Okay, but my point there was that he was using that to insult me, my nation, the sport, and homosexuals. I should have put the word "gay" in quotation marks there to show how he was using it in a derrogatory sense- simply saying something is gay without truly understanding the real meaning of the term- instead of allowing the interpretation of me saying that homosexuals can't play hockey. That wasn't my point- and I would agree with you on yours.

There's no need to hate on someone or something because you don't like it, while simultaneously hating on a group of people like homosexuals- who are people like everyone else.
 

Sir Quaffler

May we meet again
Honestly it just seems like a figure of speech to me, used by teenagers. It's just a shorthand way of saying something is stupid or foolish, kind of like calling something "retarded". I realize that some people may take offense to these terms but the vast majority of the time when it's used it's not actually saying they think something or someone is actually homosexual or mentally handicapped, they just generally don't like something. Why those specific terms are used I don't really get, but some people are honestly too uptight about this kind of stuff.

It's just a way of saying things now (which I'm also sure will fade out sometime in the future), and it seems harsh to force someone to change their manner of speech to appease other people. Like saying "I see" when talking to a blind person. You're just saying that you are in agreement with a sentiment of theirs, you aren't actually making a jab at their lack of vision. I'm sure homosexuals don't take offense to the term "gay" now either, as they are secure in their sexuality, so why should we be so uptight about it?
 
Honestly it just seems like a figure of speech to me, used by teenagers. It's just a shorthand way of saying something is stupid or foolish, kind of like calling something "retarded". I realize that some people may take offense to these terms but the vast majority of the time when it's used it's not actually saying they think something or someone is actually homosexual or mentally handicapped, they just generally don't like something.
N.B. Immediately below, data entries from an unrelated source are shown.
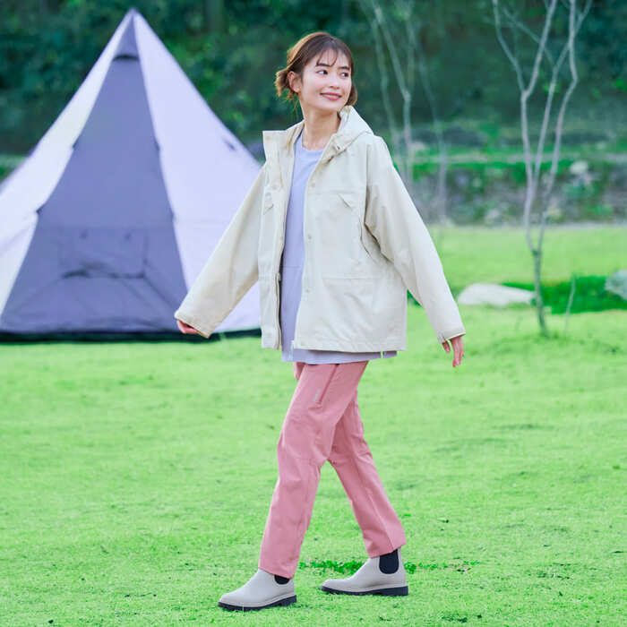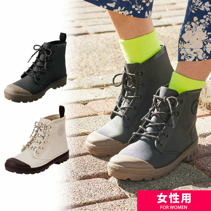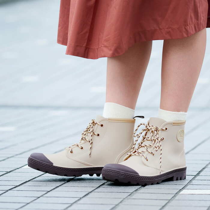 こちらの防水サファリシューズは、長靴っぽさがなく、デイリーユースしやすいデザインのため、雨が上がったあとでも違和感なく履き続けられます。履き口に合皮が巻かれており、長時間の使用でも足が痛くなる心配もいりません。女性らしさのあるカラーバリエーションもうれしいですね。
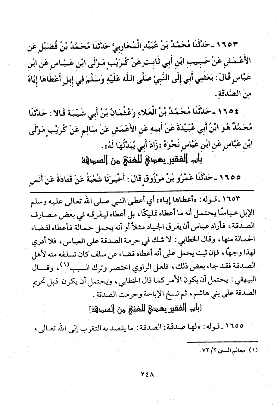 1653 - قوله: "أعطاها إياه" أي أعطى النبي صلى الله تعالى عليه وسلم الإبل عباسًا يحتمل أنه ما أعطاه تمليكًا، بل أعطاه ليفرقه في بعض مصارف الصدقة، فأراد عباس أن يفرق الجياد مثلًا أو أنه يحمل حمالة فأعطاه لقضاء الحمالة منها، وقال الخطابي لا شك في حرمة الصدقة على العباس، فلا أدري لهذا وجهًا، فإن ثبت يحمل على أنه أعطاه قضاء عن سلف كان تسلفه منه لأهل الصدقة فقد جاء بعض ذلك، فلعل الراوي اختصر وترك السبب (¬1)، وقال البيهقي: يحتمل أن يكون الأمر كما قال الخطابي، ويحتمل أن يكون قبل تحريم الصدقة على بني هاشم، ثم نسخ الإباحة وحرمت الصدقة.
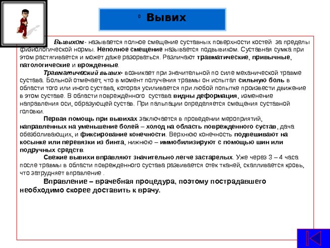 Вывихом - называется полное смещение суставных поверхности костей за пределы физиологической нормы. Неполное смещение называется подвывихом. Суставная сумка при этом растягивается и может даже разорваться. Различают травматические , привычные , патологические и врожденные . Травматический вывих- возникает при значительной по силе механической травме сустава. Больной отмечает, что в момент получения травмы он испытал сильную боль в области того или иного сустава, которая усиливается при любой попытке произвести движение в этом суставе. В области повреждённого сустава видны деформация , изменение направления оси, образующей сустав. При пальпации определяется смещения суставной головки. Первая помощь при вывихах заключается в проведении мероприятий, направленных на уменьшение болей – холод на область поврежденного сустав , дача обезболивающих, и фиксирование конечности . Верхнюю конечность подвешивают на косынке или перевязки из бинта , нижнюю – иммобилизируют с помощью шин или подручных средств . Свежие вывихи вправляют значительно легче застарелых . Уже через 3 – 4 часа после травмы в области поврежденного сустава развивается отек тканей, скапливается кровь, что затрудняет вправление . Вправление – врачебная процедура, поэтому пострадавшего необходимо скорее доставить к врачу. Вывих
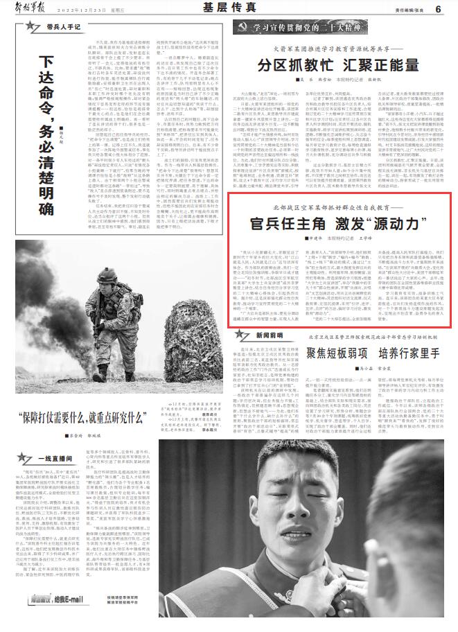 “广大官兵是部队主体,要充分调动蕴藏在群众中的智慧力量,实现人人教育、教育人人。”该部领导介绍,他们按照“上级+下级”联学、“编内+编外”联教、“线上+线下”联动的模式,通过让“主体”担主角的方式,最大限度发挥官兵的主观能动性。利用强军网、板报橱窗、宣传栏等载体,营造浓厚的学习氛围;组建“大学生士兵宣讲团”,举办“我眼中的非凡十年”群众性演讲,开展“兵演兵、兵唱兵”文艺创演活动,用兵言兵语阐释党的二十大精神;灵活组织对话交流课、仪式教育课、史馆沉浸课,采用“引评、述评、互评、点评”的方法,搞好学习讨论,激发教育“源动力”。
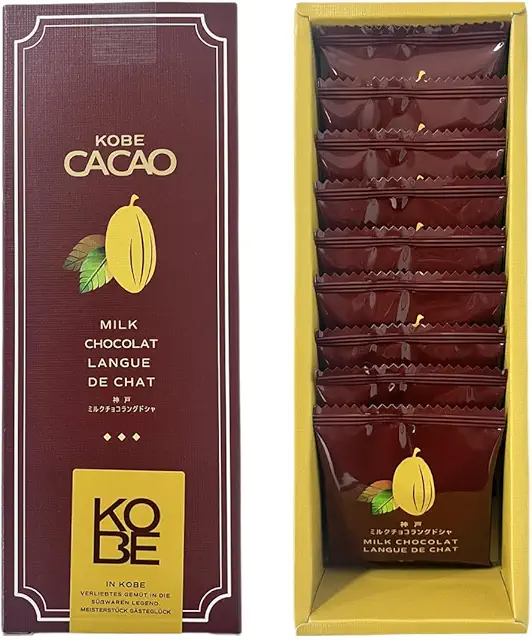 神戸の街並みを感じる包装紙で包まれており、お土産としての見栄えも良く贈答用に最適です。ラングドシャの軽やかな食感と、メープルの優しい甘さ、兵庫牛乳のコクが絶妙に調和しています。1箱600円前後で、神戸市内の駅構内や百貨店で購入できます。同シリーズのミルクチョコラングドシャとのセットも人気があります。

Why those specific terms are used I don't really get, but some people are honestly too uptight about this kind of stuff.

It's just a way of saying things now (which I'm also sure will fade out sometime in the future), and it seems harsh to force someone to change their manner of speech to appease other people. Like saying "I see" when talking to a blind person. You're just saying that you are in agreement with a sentiment of theirs, you aren't actually making a jab at their lack of vision. I'm sure homosexuals don't take offense to the term "gay" now either, as they are secure in their sexuality, so why should we be so uptight about it?
Instead of saying something myself, I will leave it to an actual homosexual to state it for me:

"The use of “gay” as an insult is an issue that’s important enough to take a stand on even if it does cost us potential allies. When we tell people that it’s hurtful and harmful for them to use the very word we’re named as a synonym for anything and everything that’s negative and dislikable, that is a matter of basic respect. It is probably about as basic as this can possibly get: don’t use who we are to mean something bad. Taking a minority group’s name for your own use as an all-occasions pejorative is not merely disrespectful – it’s just about the most obvious way that you can tell us, “WE THINK WHAT YOU ARE IS BAD.”

If that isn’t what you mean to convey, then you need to stop using language in such a way that you openly associate the very names of minorities with everything you dislike. This goes beyond merely implying that gay people are bad. It’s tantamount to stating it outright. Is it okay to say that someone “Jewed” you out of something? Or that something that isn’t working must be “n*****-rigged”? Would any amount of “I didn’t mean it like that” rationalization make that alright? No one should ever think this is acceptable, yet so many people are under the impression that it’s a-okay to do this to gay people. Why? Because it’s a more recent development in language? Because social disapproval of this usage isn’t widespread enough yet? Because they just really like using the word? It doesn’t matter. It’s not okay.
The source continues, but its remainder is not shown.